Each time I tried to climb back up our family was hit with another
hardship, and I wondered if the universe was telling me this wasn’t
meant to be.
This
last attempt- which I don’t even think was much different from the
rest, but it ended up being the final one- came to fruition because
life hit me with how short it was once again. My little sister was
thirty-seven with two young kids. She knew my characters well and
even chose my lead character’s muse for me many years before.
(Message
me, because I’m not admitting that tidbit on public media because
who am I kidding it’s turned into a fangirl crush at this point.
One I happily shared with her.)
One
December day shortly after her death the second realization came,
she’d never see me finish.
So
on January 1st, I started my manuscript over. I fine-tuned the story
for who-knows-what-number-of-times. I kept some things, added some
things, trashbinned some others.
To
make it more exciting, my computer lost my manuscript for a few days.
My brain had been struggling to keep up on important things like
back-ups.
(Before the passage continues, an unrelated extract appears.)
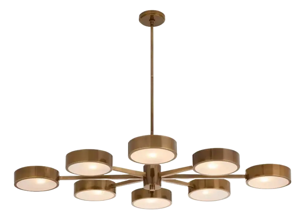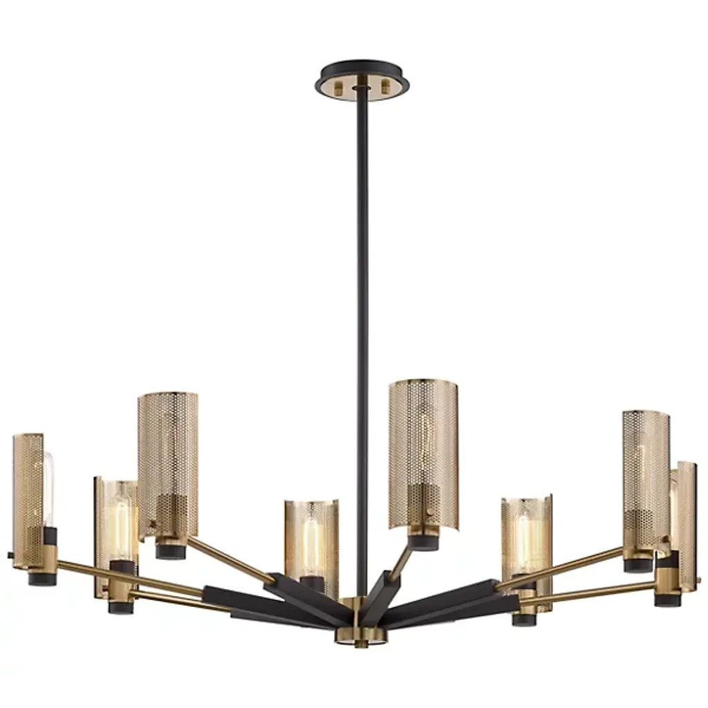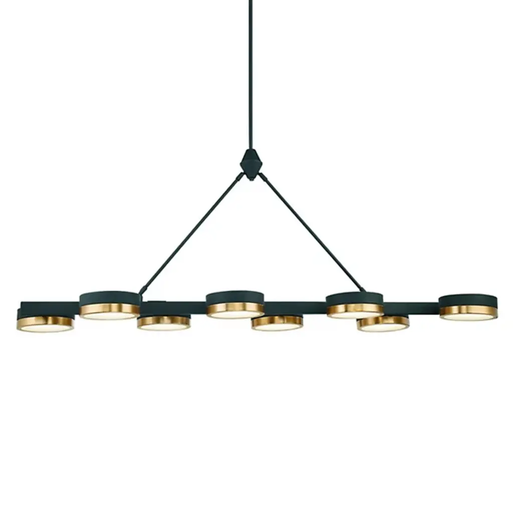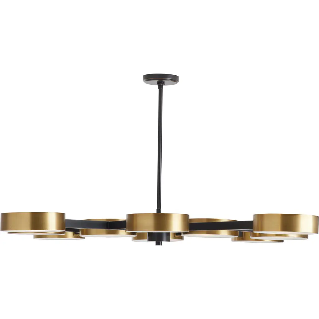 Sculptural and stylish. The Ashor LED 2 Tier Chandelier is a mid-mod inspired and contemporary composition presented by Savoy House. A two-tone contrast of matte black and warm brass adorns the metallic bodice. Integrated, energy-efficient LED illumination diffuses through the beautiful detail of the crushed crystal shade embedded into each disc. It drops from the ceiling on a matte black canopy and adjustable down rod, making a bold statement and brightening the surroundings beautifully.

I felt embarrassed, and like I’d been hit with a
sledgehammer of truth that maybe I just couldn’t manage this.
Then,
a friend kindly recovered my book for me, including making automatic
backing up effortless, but through the process my repetitive stress
injuries in my wrists got so bad I could barely type.
About
this time a friend approached me about a writing workshop she
believed in, Renegade
Writer’s Group. My friend T had witnessed my challenges I’d
been trying to overcome, and she graciously helped me get into the
class. Thirty days of writing 1,000 words everyday, which would just
about put me at the end of my first novel.
Since
I couldn’t type, I began handwriting everyday, then would transfer
with a speech to text program called Dragon
Naturally Speaking. There were several bumps in this process,
besides, you know writing for several hours a day, but I was getting
the word-counts in spite of them. Somehow, with the combination of
writing in my sister’s memory, committing to daily word counts that
I shared with others, doing this alongside other women writers, and
giving myself the permission to suck I managed to push through each
moment of doubt, each little voice that said how exposed this would
make me.
This
was at least thirty times I
just made that number up
more
challenging than I could have ever imagined, and really this is just
the start. There’s a list of people, blog posts, writing groups,
friends, family, books, along with healed and broken bits of myself
that contributed to the accomplishment. No matter what comes of this
manuscript, whether people love it, or hate it, or never even read
it,
I
accomplished a dream.
A big one, that took me thousands of hours and touched every area of
my life.
I’m overcoming fears. And maybe I always have, and I’ve just yet to recognize my worth.